On Jun 7, 2008, at 10:10 PM, Michael Ash wrote:

On Sat, Jun 7, 2008 at 6:37 PM, Hamish Allan <[EMAIL PROTECTED]> wrote:
On Sat, Jun 7, 2008 at 7:35 PM, Michael Ash <[EMAIL PROTECTED]> wrote:

This is pretty nitpicky. If it's in scope but you don't use it, then
it doesn't matter. Kind of like a Zen koan: if an object is collected
in the forest but nobody is pointing to it anymore, does it make a
sound?

:)

I'm just arguing that it makes it more straightforward if the GC
behaves deterministically according to the code you wrote, rather than
what the optimising compiler re-wrote for you.

If you don't like undefined behavior, then C-based languages are a
poor choice. If you don't like nondeterministic object lifetimes, then
garbage collection is a poor choice.

If your statement regarding nondeterministic object lifetimes is true, and (as I think it has been shown) deterministic object lifetimes is sometimes required for deterministic program behavior, does this not imply that the current GC system is fundamentally flawed?

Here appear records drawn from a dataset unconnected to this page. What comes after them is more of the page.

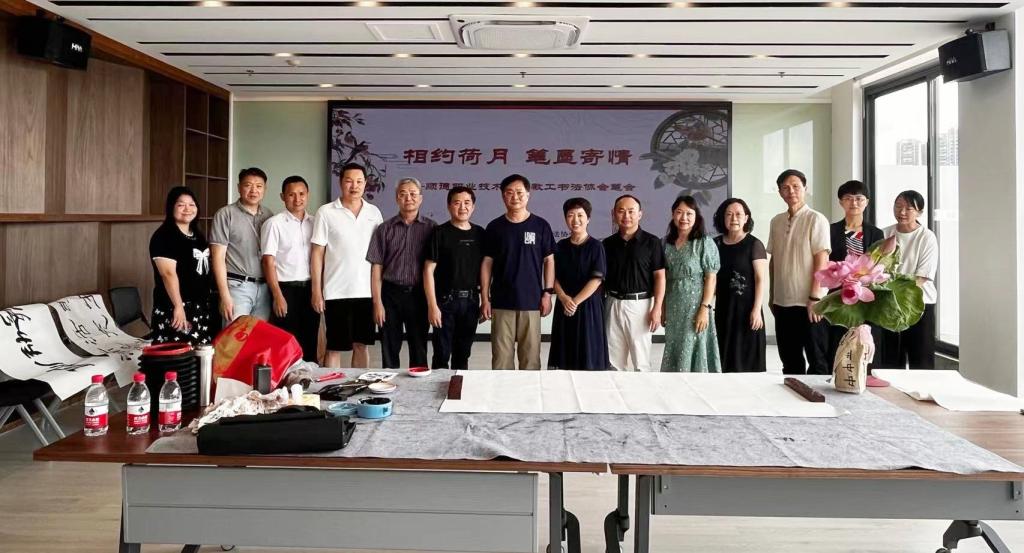 6月8日上午,由校工会、教工书法协会主办,人文学院、图书馆协办的“相约荷月 笔墨寄情”笔会在学校图书馆举办。学校校长夏伟、副校长罗丹,学校党委委员、组织人事处处长陈文海,学校关工委副主任陈建华,相关部门负责人、教工书法协会会员等参加活动。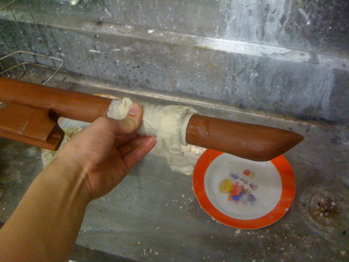 持ち手には滑り止めになるように布を巻いています。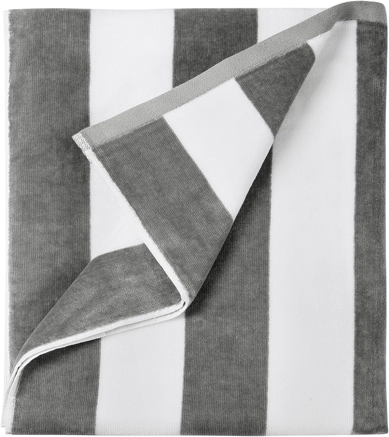 Plush Oversized Beach Towel - Fluffy Cotton Thick 36 x 70 Inch Gray Striped Pool Towels, Large Summer Cabana Swimming Towel for Adults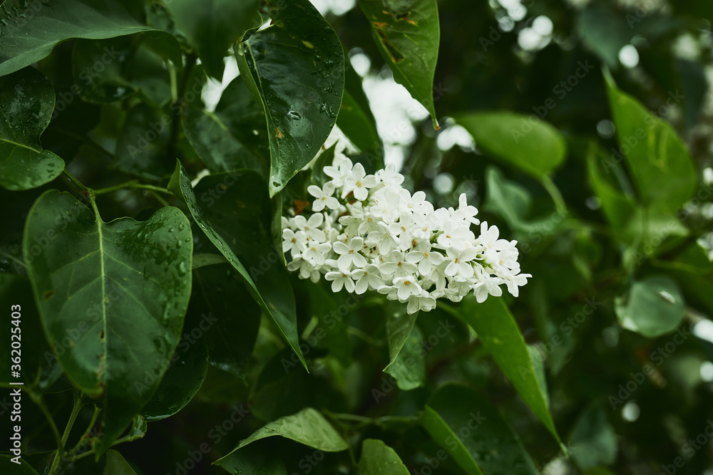 Branch of blooming white lilac in saturated fresh green leaves. Spring flowers.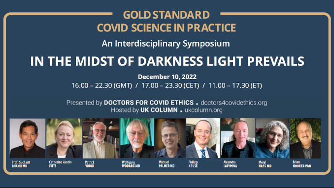 | December 10, 2022 Doctors for Covid Ethics Symposium 5 In the Midst of Darkness Light Prevails: An Interdisciplinary Symposium ![]() | View: HERE Hosts: Catherine Austin Fitts, Meryl Nass, M.D., Brian Hooker, Ph.D., P.E., Polly Tommey, Michael Palmer, MD, Prof. Sucharit Bhakdi, MD |

I think Hamish is right. It is reasonable to expect that code, as entered, results in deterministic behavior and that the 'principle of least surprise' holds. When programming for multithreading, one implicitly accepts that common programming techniques and their cause - > effect relationship may no longer be valid. It requires a complete change in discipline to account for these effects if one hopes to produce code that executes deterministically. Otherwise, one is exposed to 'race conditions' in which things work correctly 99% of the time, but occasionally they fail.

It's difficult not to see similarities in multithreading programming and programming with Leopards GC system. If one uses Leopards GC system without compensating for these 'non-deterministic object life times', one essentially creates a race condition. 99% of the time, these race conditions wont result in abnormal program behavior, but every once in a while the conditions will be such that the collector will run and reclaim an allocation that is still in use.

In the case of NSData/NSMutableData, the relationship between the parent object and the pointer returned by bytes/mutableBytes is obvious. The parent object has an ivar pointer to the bytes allocation, so keeping the parent object alive keeps the bytes allocation alive.

In the case of NSString and UTF8String, there is no such relationship. Since there is no pointer from the parent NSString to the created UTF8String allocation, keeping the parent NSString 'live' does not keep the pointer to the UTF8String live.

Under GC, something as simple as [[NSMutableData dataWithLength:4096] mutableBytes] can't be used. It must be restructured such that the object instantiation statement be assigned to a variable and not be 'anonymous'.

Even this has pitfalls. Leopards GC system considers all pointers on the stack to be live, and any pointers in the heap must be updated via a write barrier. In order to assist the compiler in identifying which pointers require write barriers, __strong is introduced. It's important to note, though, that the specification and definition of the C language is no way requires a stack, and the statement '{ NSMutableData *data = [NSMutableData dataWithLength:4096]; }' does not imply in any way that the variable 'data' will exist on the stack by the C language definition.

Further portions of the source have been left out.